Development unfortunately falls between two stools
Posted on March 25th, 2025

by Garvin Karunaratne

When we became independent in 1948, we- the colonies were the market for everything produced in the UK.

With independence, we had to change to enable development, production in industry and agriculture and foremost to alleviate poverty.

We had commenced Land Development, Irrigation, and Agriculture. To enable people to be trained, we started a major Department- Rural Development and Cottage Industry. Rural Development Officers were everywhere. They organized development at grass grassroots level, Handlooms took the stage. A major Department of Small Industry handled cooperatives to weave and sell. Laksala emerged to handle sales. By 1970, with handlooms, powerlooms and a few textile factories, we produced all our textlies. .

In 1955 I started work as Assistant Commissioner in the Department for Development of Agricultural Marketing.
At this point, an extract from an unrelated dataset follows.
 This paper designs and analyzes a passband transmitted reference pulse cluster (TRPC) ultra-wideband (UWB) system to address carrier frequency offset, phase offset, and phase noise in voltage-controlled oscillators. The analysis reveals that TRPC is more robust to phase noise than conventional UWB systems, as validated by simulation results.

It was buying vegetables and fruit at Producer Fairs there by ensuring that the producers got a fair price, moving the produce to the Cities and selling at low prices keeping a mark. up of fifteen percent to cover up transport costs and wastage aimed at making traders sell at low rates. A Cannery was established in 1955. We handled far less than 10% of the produce but were successful in ensuring that the producers got a fair price and also ensured that the traders in the Cities had to sell at low rates. It was a unique system not found anywhere else. In three years- by 1958 we produced all our requirements of jam and juice. Even 8% of our pineapple pieces were exported.
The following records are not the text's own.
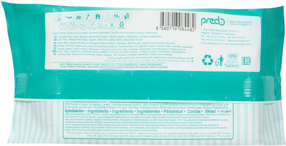 Салфетки влажные Predo для детей, 120 шт, с клапаном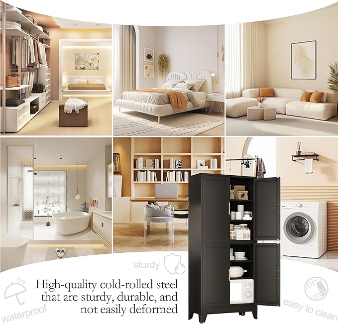 - 『♕Multifunctional Cabinet』Metal pantry are perfect for various environments and are an ideal choice for home offices, bedroom, livingroom, kitchen, study and more. You can use it as a pantry cabinet, food cabinet, kitchen cabinet, kitchen cupboard, utility cabinet, laundry room cabinets, bathroom cabinet, bedroom wardrobe, bookcase, tool cabinet, file cabinet, appliance cabinet, etc. Of course, you can also use it for any place you want to place it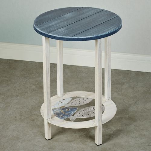 Navigate coastal waters with the sweet school of fish on the Seabrooke Accent Table. The handcrafted and handpainted metal accent table has a dark blue plank-style wooden top and four fish on the bottom shelf. Each fish has a different finish that consists of weathered, distressed shades of midnight blue, slate blue, pale aqua, and gray. The legs are distressed weathered ivory. Due to the handcrafted nature, slight variations may occur. Measures 17"dia.x23"H; weighs 17 lbs.

Then came the Paddy Lands Act of Comrade Philip Gunawardena. I did muster the farmers into cultivation committees in Matara, Kegalla and Anuradhapura. . Plans were drawn up for the farmers to plan their cultivation, proper seed paddy was found from  seed farms belonging to the Government , fertilizer obtained through multi purpose cooperatives, fed through fertilizer stores of the Government . H4 a high yielding variety of paddy was found by 1954, well before the IRRI (International Rice Research Institute)came into existence. This planning and organization was done by two Departments the Department of Agriculture and the Department of Agrarian Services. I worked in Agrarian Services as an Assistant Commissioner and our Department had a Field Assistant, a one year trained at the viillage level. The Agriculture Department also had an year trained Overseer. This combination of two Departments did wonders. Comrade Philip left us but he had set up the organization for us workers to get going.

In 1965 the Prime Minister Mr Dudley Senanayake decided to direct the paddy production programme personally.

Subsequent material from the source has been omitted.